§ YOUR INSTRUCTIONS
Begin with the line below holding "Konstrukce ohniště je" and go on through the line holding "本日(1月10日)夜遅くに、", duplicating each line exactly and leaving out pictures.

Data entries:

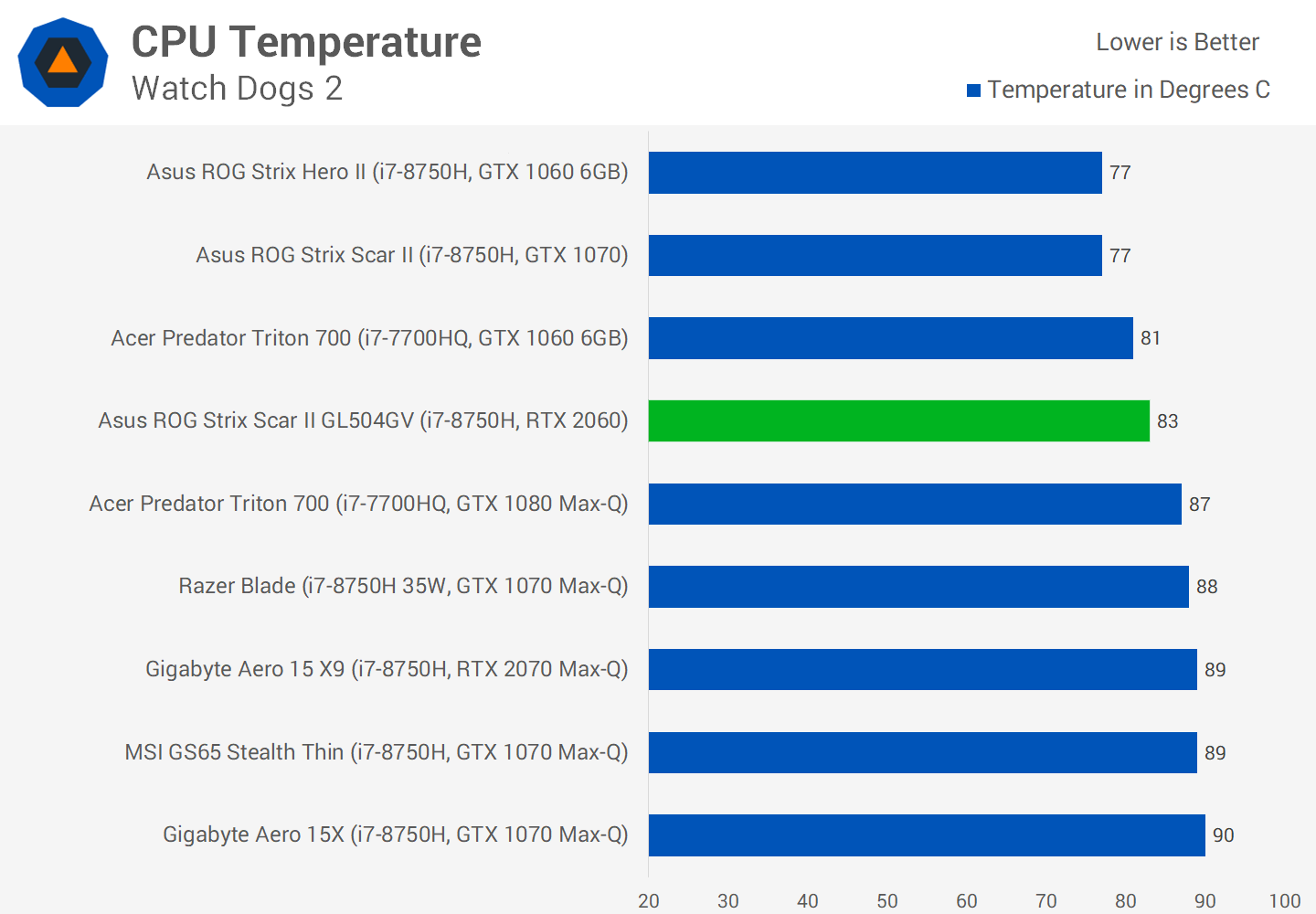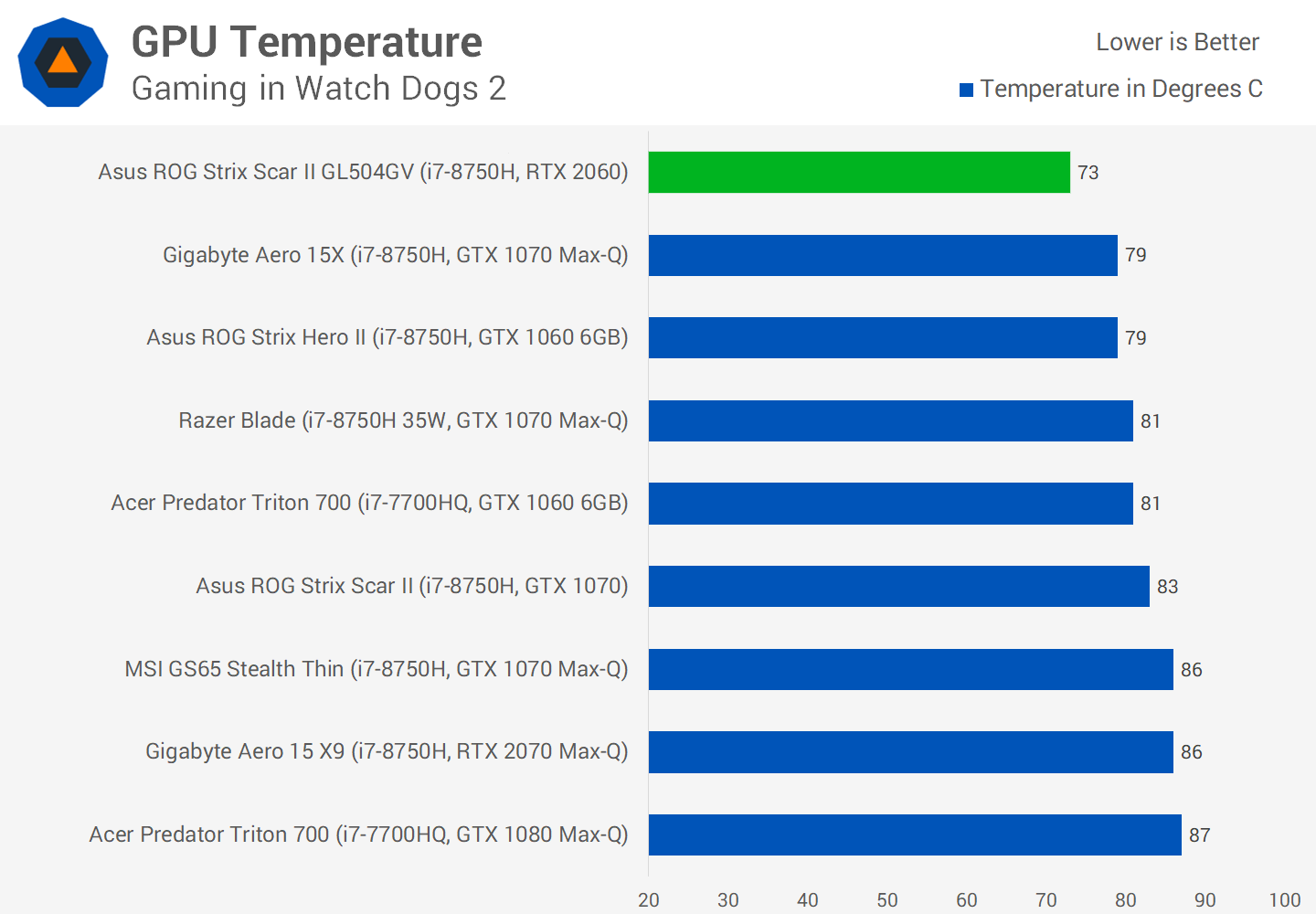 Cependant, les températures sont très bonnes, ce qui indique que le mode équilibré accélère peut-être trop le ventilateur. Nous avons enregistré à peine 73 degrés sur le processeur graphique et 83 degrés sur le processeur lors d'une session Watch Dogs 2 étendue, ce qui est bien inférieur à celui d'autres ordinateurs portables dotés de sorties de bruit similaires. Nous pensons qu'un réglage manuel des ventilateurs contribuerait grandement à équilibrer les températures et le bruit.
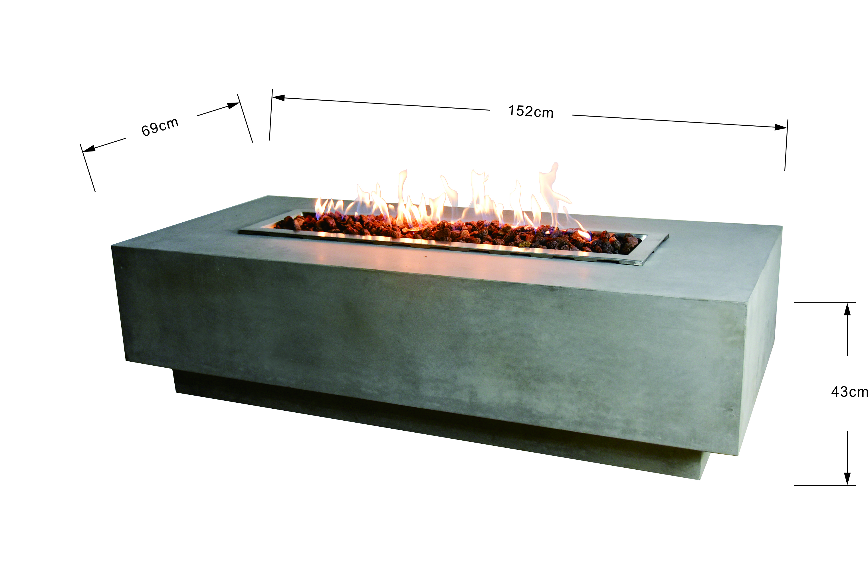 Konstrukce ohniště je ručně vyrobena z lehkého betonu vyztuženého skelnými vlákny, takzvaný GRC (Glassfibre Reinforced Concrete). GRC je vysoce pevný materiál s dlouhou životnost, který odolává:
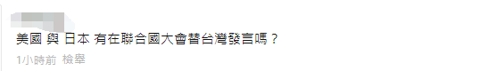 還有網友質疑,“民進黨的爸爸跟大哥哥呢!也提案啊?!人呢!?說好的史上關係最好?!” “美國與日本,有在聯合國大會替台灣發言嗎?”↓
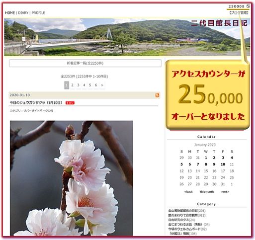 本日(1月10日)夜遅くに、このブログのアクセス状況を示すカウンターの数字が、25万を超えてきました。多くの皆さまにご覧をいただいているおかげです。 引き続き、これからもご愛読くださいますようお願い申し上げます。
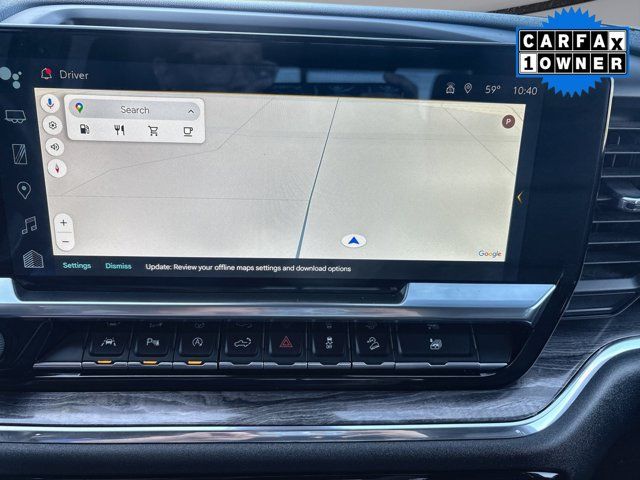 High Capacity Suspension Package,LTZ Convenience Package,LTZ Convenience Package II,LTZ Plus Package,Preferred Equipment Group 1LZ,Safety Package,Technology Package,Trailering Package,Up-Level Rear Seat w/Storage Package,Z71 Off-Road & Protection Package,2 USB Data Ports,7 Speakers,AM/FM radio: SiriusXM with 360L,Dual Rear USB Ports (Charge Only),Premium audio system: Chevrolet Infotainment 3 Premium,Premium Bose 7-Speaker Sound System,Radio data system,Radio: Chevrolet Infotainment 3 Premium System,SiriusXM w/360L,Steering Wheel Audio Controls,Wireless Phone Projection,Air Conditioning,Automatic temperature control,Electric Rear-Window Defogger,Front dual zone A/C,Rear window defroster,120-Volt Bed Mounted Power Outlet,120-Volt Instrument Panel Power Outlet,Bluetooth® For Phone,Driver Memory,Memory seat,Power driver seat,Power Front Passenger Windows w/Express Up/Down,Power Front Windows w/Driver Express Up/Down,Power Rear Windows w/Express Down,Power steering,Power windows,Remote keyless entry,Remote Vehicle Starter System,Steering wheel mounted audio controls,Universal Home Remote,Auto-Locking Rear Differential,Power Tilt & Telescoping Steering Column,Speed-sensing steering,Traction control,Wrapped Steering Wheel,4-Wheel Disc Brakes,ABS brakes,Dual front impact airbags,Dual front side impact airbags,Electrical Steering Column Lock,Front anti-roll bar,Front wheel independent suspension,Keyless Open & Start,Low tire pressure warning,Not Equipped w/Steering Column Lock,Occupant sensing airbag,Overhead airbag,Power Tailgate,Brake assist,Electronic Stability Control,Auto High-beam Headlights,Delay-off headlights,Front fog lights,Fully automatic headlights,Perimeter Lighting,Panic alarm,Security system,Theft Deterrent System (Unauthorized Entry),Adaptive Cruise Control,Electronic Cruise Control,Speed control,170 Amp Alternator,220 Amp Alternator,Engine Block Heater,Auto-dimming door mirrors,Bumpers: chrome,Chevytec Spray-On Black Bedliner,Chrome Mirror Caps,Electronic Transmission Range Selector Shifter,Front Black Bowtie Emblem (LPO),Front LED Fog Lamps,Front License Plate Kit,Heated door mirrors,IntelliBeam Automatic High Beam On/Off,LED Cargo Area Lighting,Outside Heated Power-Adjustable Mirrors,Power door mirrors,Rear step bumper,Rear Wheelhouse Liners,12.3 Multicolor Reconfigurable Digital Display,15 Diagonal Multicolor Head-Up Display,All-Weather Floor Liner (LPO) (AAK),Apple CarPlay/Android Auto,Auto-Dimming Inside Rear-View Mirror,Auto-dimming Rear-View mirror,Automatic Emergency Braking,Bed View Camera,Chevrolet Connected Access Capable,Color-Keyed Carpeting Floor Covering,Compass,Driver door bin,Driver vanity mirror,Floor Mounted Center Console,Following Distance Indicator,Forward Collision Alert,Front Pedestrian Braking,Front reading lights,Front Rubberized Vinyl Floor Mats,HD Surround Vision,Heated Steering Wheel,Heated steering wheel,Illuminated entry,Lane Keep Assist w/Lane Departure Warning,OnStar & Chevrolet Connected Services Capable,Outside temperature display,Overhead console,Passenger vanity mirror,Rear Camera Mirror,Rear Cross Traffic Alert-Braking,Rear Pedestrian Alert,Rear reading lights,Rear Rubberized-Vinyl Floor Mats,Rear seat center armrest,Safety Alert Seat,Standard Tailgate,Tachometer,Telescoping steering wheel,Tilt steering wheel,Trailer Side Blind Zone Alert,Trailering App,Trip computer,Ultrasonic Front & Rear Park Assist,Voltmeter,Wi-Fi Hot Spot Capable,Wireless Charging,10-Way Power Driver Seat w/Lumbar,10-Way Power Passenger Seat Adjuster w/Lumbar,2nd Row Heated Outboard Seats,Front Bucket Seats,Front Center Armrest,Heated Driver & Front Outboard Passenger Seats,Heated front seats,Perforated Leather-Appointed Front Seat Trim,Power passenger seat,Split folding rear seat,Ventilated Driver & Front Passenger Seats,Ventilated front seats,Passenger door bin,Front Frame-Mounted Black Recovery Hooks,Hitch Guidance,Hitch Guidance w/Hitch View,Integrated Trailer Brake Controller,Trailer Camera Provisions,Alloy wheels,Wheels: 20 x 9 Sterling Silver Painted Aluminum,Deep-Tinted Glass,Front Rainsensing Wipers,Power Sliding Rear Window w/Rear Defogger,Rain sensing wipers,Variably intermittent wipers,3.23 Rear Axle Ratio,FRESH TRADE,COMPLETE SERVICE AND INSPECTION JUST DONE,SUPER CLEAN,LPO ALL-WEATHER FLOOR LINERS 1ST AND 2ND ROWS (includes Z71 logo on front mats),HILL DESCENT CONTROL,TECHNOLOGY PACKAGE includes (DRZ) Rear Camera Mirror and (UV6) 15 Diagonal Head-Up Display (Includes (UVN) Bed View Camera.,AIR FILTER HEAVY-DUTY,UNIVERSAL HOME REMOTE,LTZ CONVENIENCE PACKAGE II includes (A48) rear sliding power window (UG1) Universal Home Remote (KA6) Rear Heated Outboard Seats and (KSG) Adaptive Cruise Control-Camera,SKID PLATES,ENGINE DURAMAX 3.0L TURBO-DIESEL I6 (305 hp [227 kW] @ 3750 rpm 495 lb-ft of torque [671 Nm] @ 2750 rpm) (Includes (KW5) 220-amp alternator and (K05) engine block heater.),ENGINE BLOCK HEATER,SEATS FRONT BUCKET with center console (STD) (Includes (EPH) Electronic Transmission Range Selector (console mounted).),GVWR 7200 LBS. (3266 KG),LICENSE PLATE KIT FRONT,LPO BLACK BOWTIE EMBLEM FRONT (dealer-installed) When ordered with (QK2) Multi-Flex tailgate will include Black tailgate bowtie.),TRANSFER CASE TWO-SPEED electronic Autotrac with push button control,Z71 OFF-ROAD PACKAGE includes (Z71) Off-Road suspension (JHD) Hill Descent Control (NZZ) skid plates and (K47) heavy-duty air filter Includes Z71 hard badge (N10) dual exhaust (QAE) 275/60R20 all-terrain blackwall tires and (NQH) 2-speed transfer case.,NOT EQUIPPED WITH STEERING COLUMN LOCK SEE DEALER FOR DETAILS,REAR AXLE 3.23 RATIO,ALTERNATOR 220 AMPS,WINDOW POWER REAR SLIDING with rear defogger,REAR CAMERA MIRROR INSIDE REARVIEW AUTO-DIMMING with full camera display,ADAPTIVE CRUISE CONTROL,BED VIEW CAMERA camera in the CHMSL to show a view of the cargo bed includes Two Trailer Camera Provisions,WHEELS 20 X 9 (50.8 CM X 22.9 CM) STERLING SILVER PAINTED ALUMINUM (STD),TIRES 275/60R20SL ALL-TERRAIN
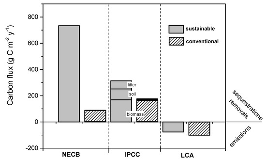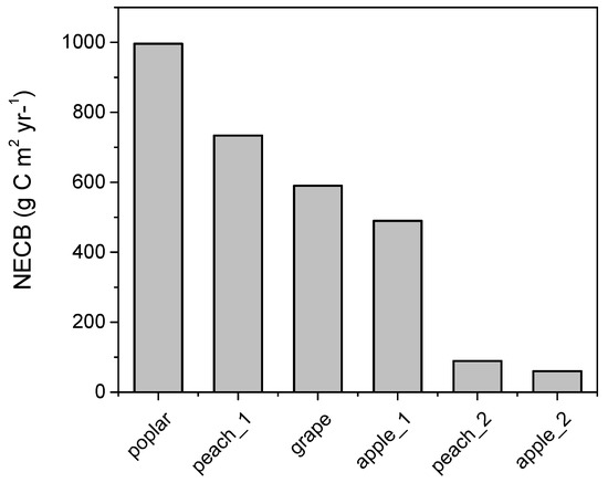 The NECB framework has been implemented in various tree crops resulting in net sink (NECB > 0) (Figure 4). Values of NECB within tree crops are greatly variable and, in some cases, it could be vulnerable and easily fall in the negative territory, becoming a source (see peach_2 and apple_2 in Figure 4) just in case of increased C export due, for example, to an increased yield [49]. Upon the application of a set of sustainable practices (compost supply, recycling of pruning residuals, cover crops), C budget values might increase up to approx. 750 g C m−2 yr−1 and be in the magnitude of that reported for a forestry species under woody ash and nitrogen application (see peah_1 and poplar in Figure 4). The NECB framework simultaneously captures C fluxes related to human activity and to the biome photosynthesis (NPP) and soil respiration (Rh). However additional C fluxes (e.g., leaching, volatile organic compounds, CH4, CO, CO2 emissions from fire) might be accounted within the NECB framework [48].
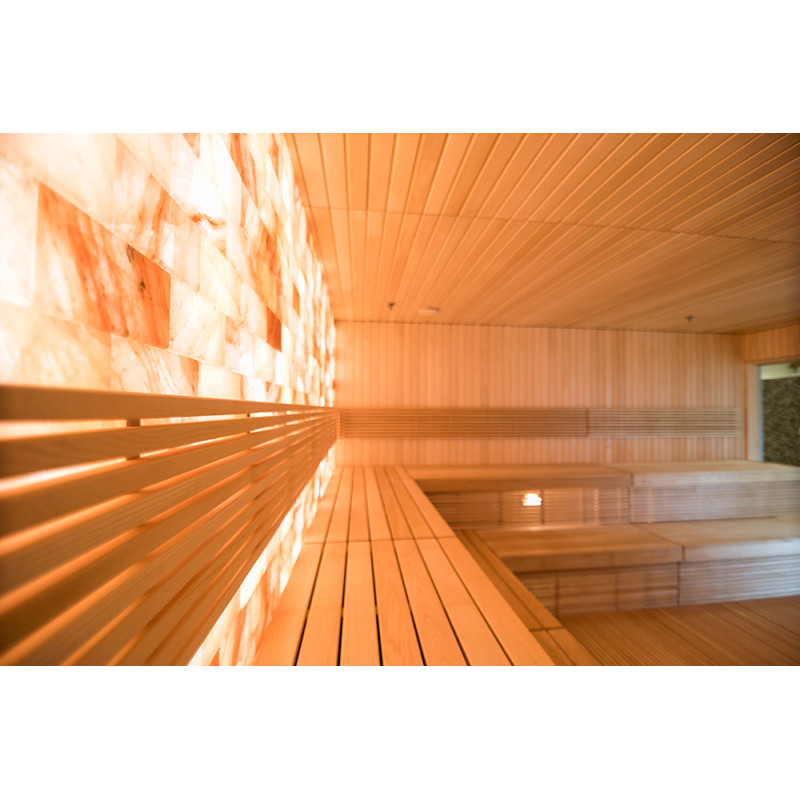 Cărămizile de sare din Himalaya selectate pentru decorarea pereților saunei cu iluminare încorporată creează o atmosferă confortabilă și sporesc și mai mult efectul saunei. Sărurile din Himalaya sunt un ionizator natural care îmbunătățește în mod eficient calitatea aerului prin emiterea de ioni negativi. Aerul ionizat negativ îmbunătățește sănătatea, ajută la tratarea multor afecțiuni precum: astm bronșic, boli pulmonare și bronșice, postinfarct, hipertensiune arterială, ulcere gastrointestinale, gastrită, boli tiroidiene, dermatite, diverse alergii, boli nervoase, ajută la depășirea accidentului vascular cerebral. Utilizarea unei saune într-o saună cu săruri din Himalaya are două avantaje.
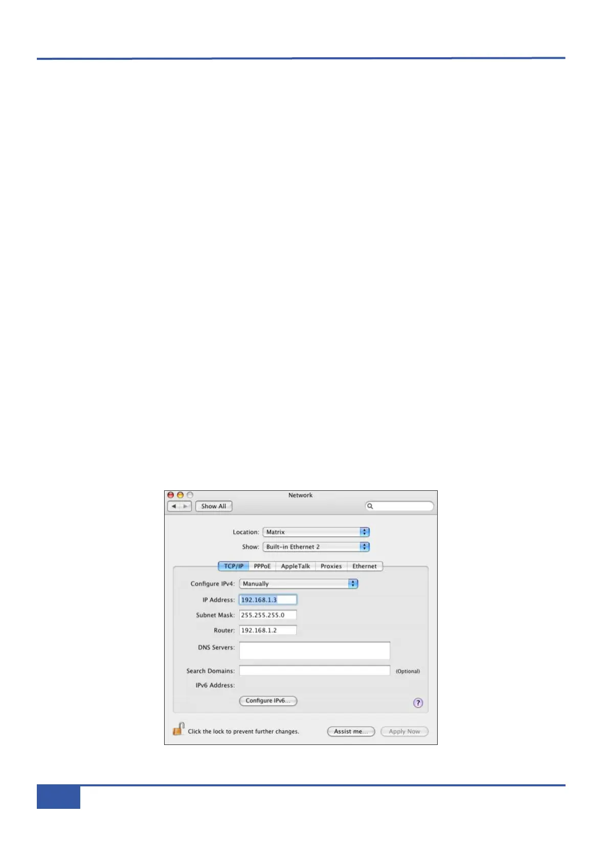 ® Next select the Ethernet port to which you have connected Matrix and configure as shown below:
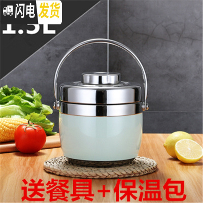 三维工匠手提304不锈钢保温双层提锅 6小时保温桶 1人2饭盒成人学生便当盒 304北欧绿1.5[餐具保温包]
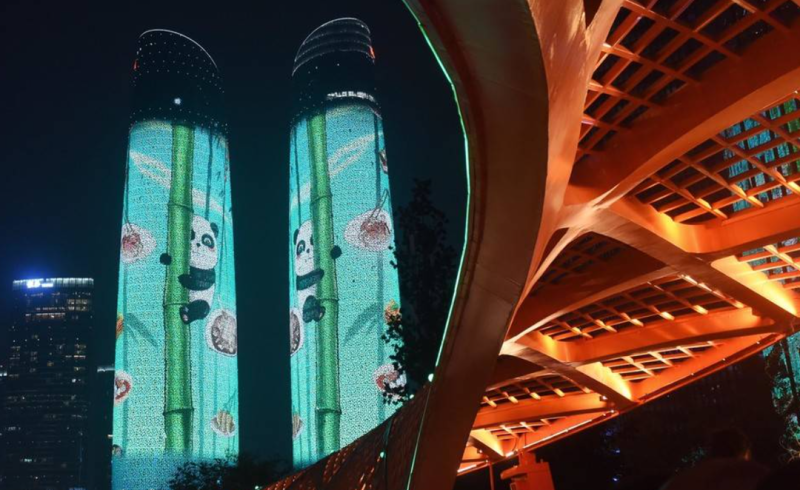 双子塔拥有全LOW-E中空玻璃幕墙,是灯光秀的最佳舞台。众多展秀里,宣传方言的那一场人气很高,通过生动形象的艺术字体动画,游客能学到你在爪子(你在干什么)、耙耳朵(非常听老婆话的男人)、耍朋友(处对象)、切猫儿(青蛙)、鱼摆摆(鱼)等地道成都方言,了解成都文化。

§ ANSWER AREA
 Konstrukce ohniště je ručně vyrobena z lehkého betonu vyztuženého skelnými vlákny, takzvaný GRC (Glassfibre Reinforced Concrete). GRC je vysoce pevný materiál s dlouhou životnost, který odolává:
 還有網友質疑,“民進黨的爸爸跟大哥哥呢!也提案啊?!人呢!?說好的史上關係最好?!” “美國與日本,有在聯合國大會替台灣發言嗎?”↓
 本日(1月10日)夜遅くに、このブログのアクセス状況を示すカウンターの数字が、25万を超えてきました。多くの皆さまにご覧をいただいているおかげです。 引き続き、これからもご愛読くださいますようお願い申し上げます。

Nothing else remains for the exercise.